*Data block:*
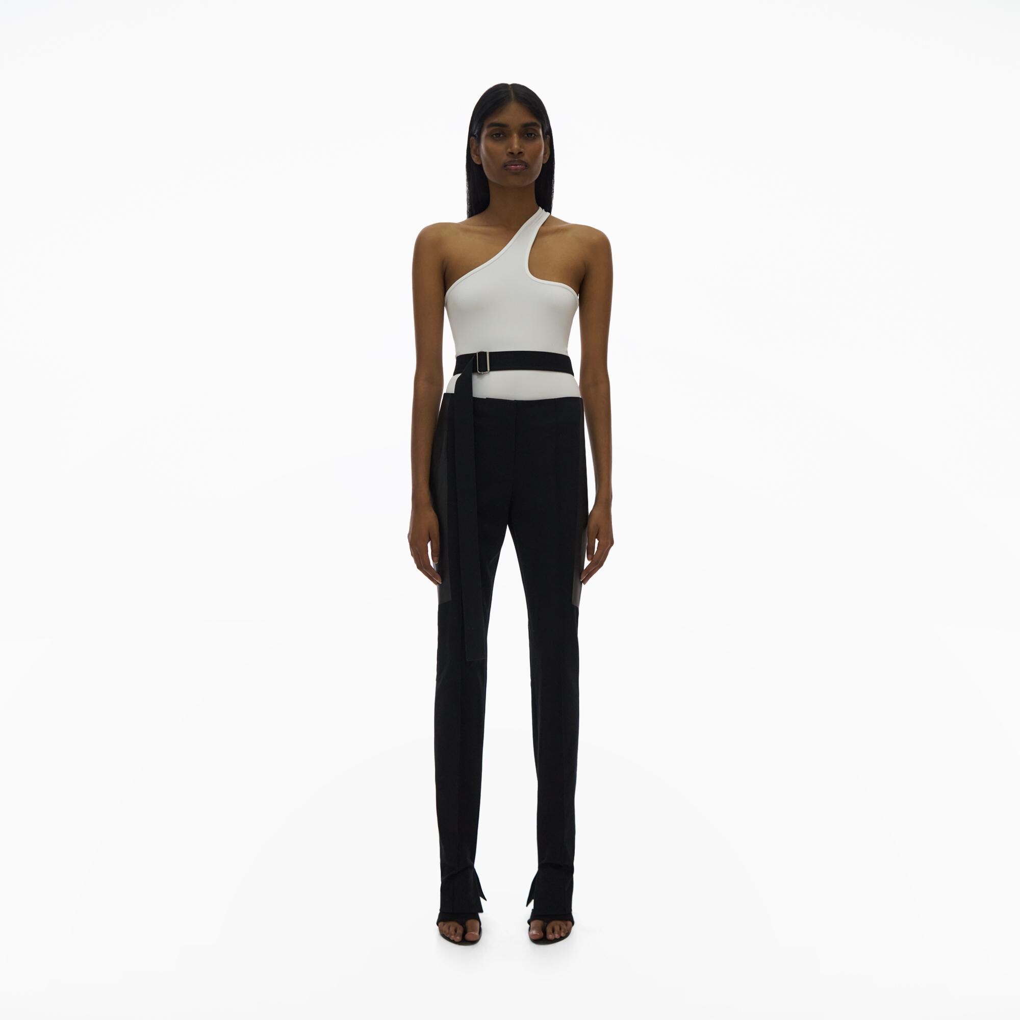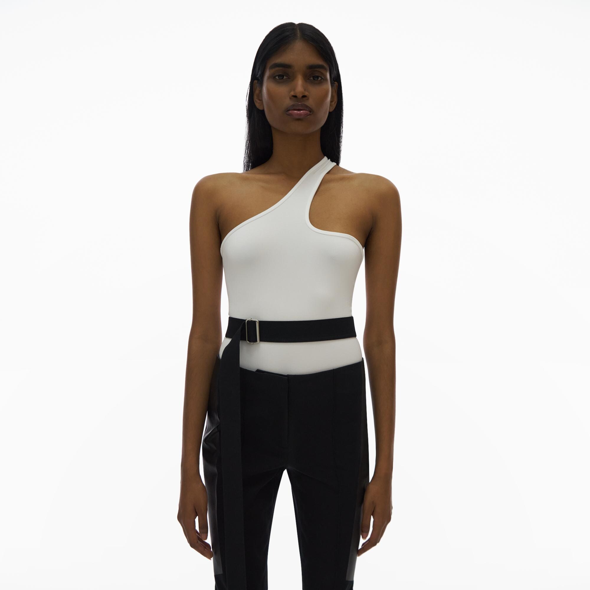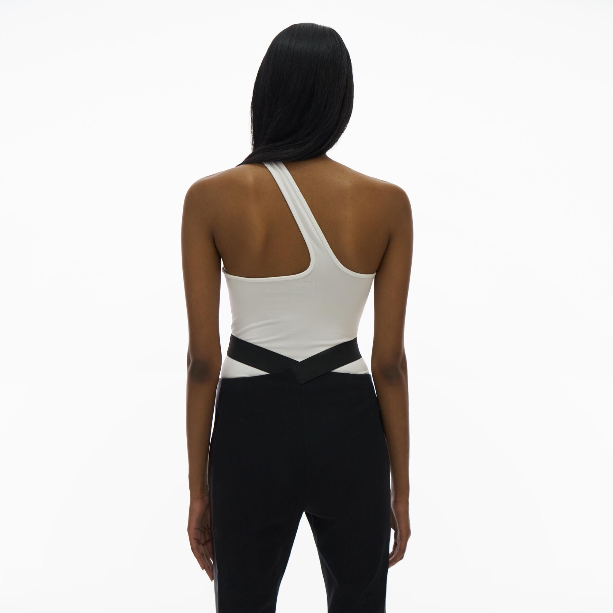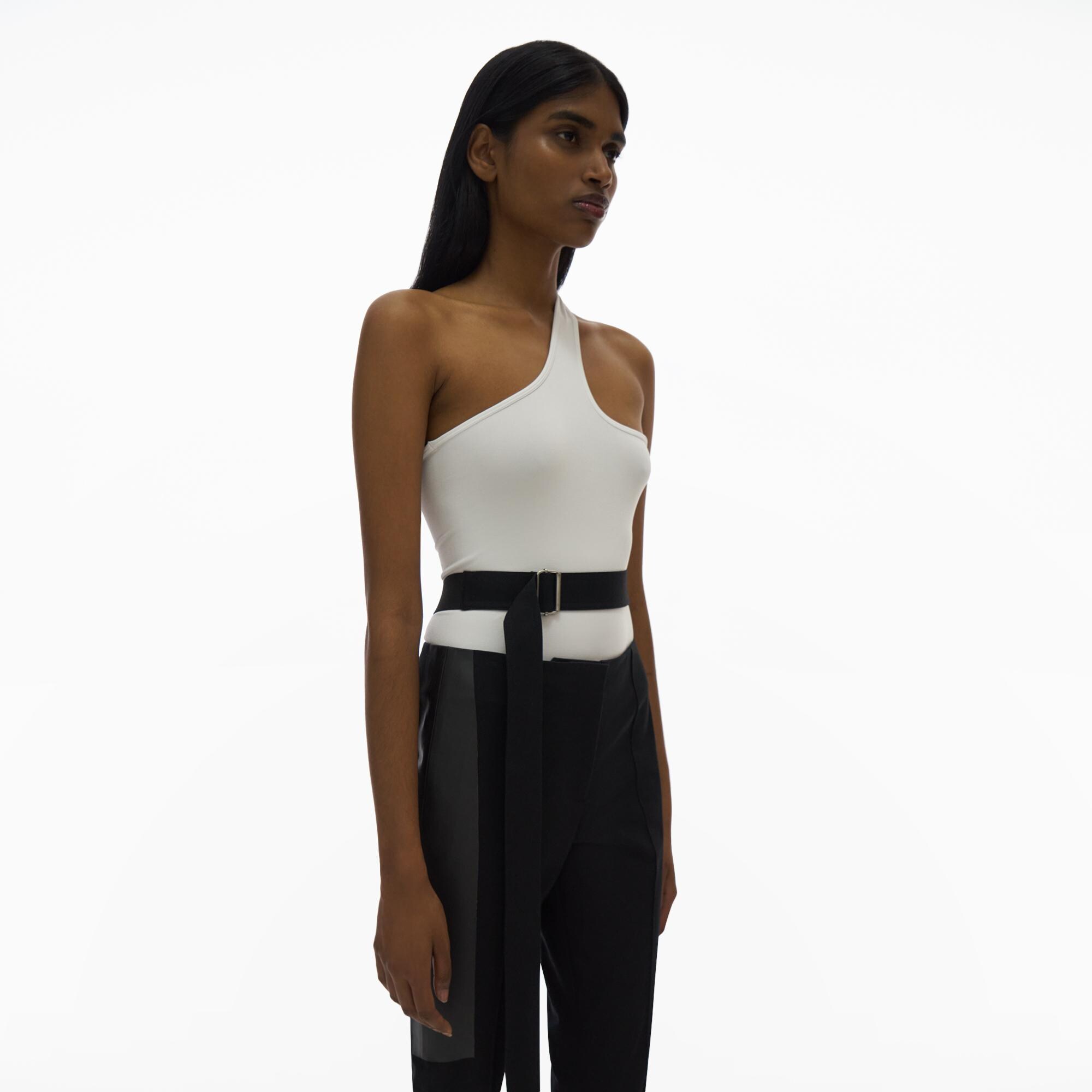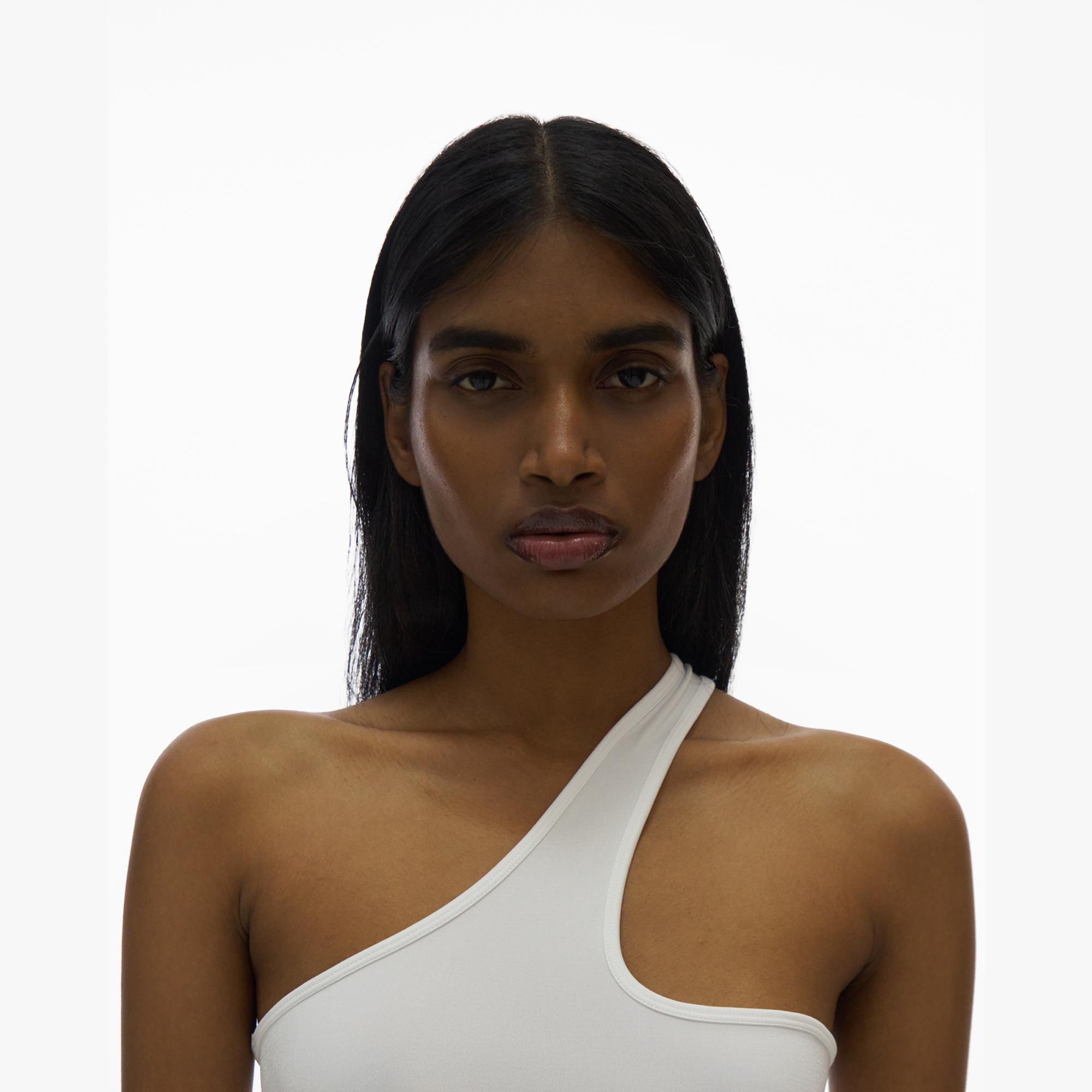 The Helmut Lang Core Cut-Out Tank Top is constructed in Helmut Lang Seamless Stretch Jersey, with a single shoulder and cut-outs at the front and back. The seamless jersey knit in a stretch nylon-blend with minimal seams and does not compromise on stretch, breathability, and comfort.
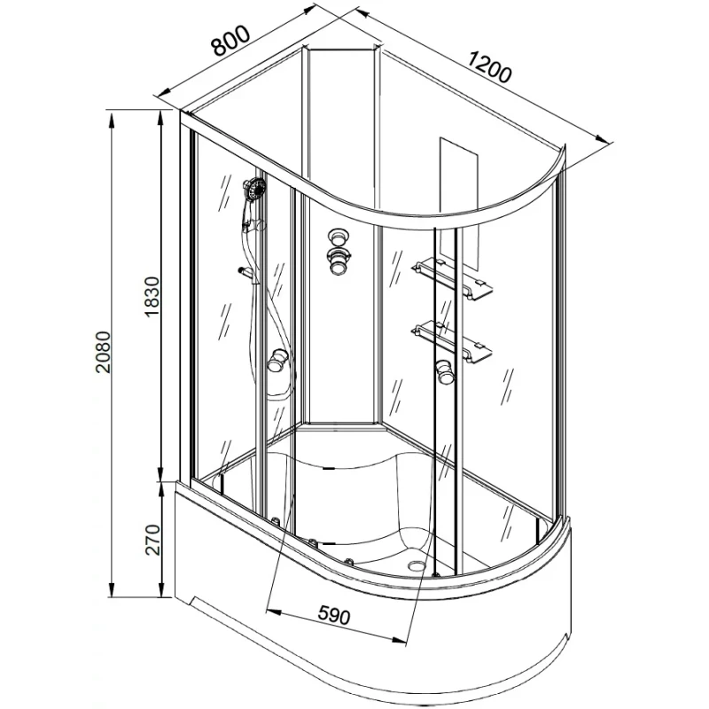Душевой шланг, Душевая лейка, Держатель для душевой лейки, Полочка, Ручки, Металлический каркас, Поддон, Смеситель, Сифон, Штанга душевая, Ножки, Зеркало
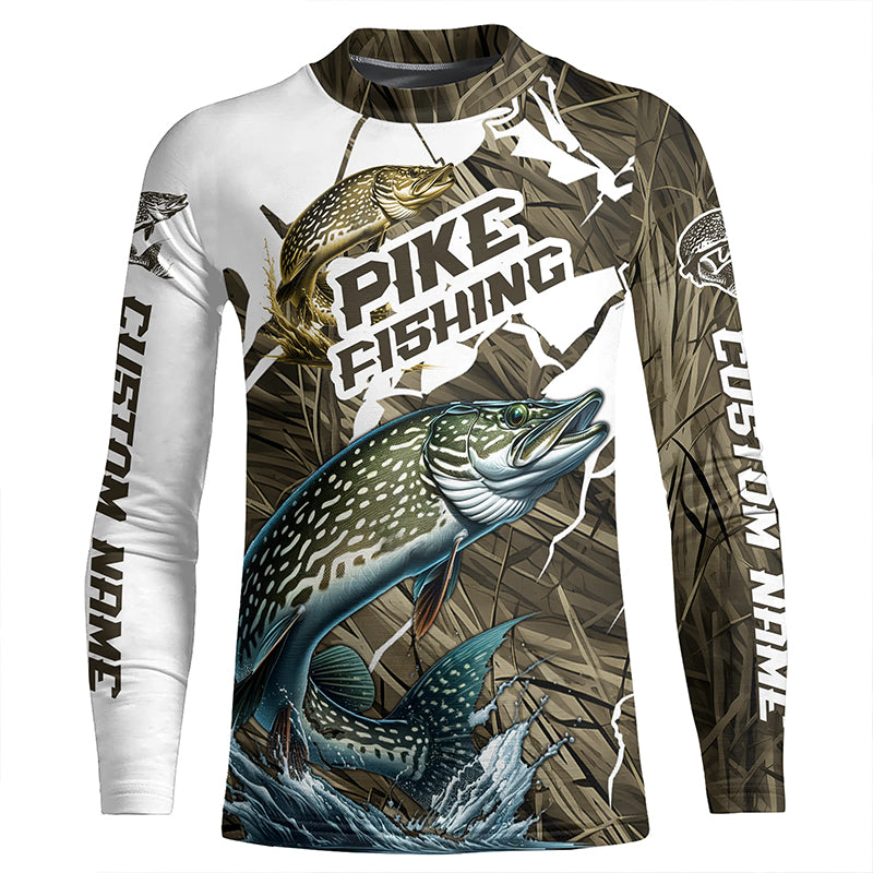 Custom Pike Fishing Long Sleeve Tournament Fishing Shirts, Pike Fishing Jerseys IPHW6452

*Work task:* Before handing back the copy, remove the pictures; otherwise print the data exactly.

*Finished task:*
 The Helmut Lang Core Cut-Out Tank Top is constructed in Helmut Lang Seamless Stretch Jersey, with a single shoulder and cut-outs at the front and back. The seamless jersey knit in a stretch nylon-blend with minimal seams and does not compromise on stretch, breathability, and comfort.
Душевой шланг, Душевая лейка, Держатель для душевой лейки, Полочка, Ручки, Металлический каркас, Поддон, Смеситель, Сифон, Штанга душевая, Ножки, Зеркало
 Custom Pike Fishing Long Sleeve Tournament Fishing Shirts, Pike Fishing Jerseys IPHW6452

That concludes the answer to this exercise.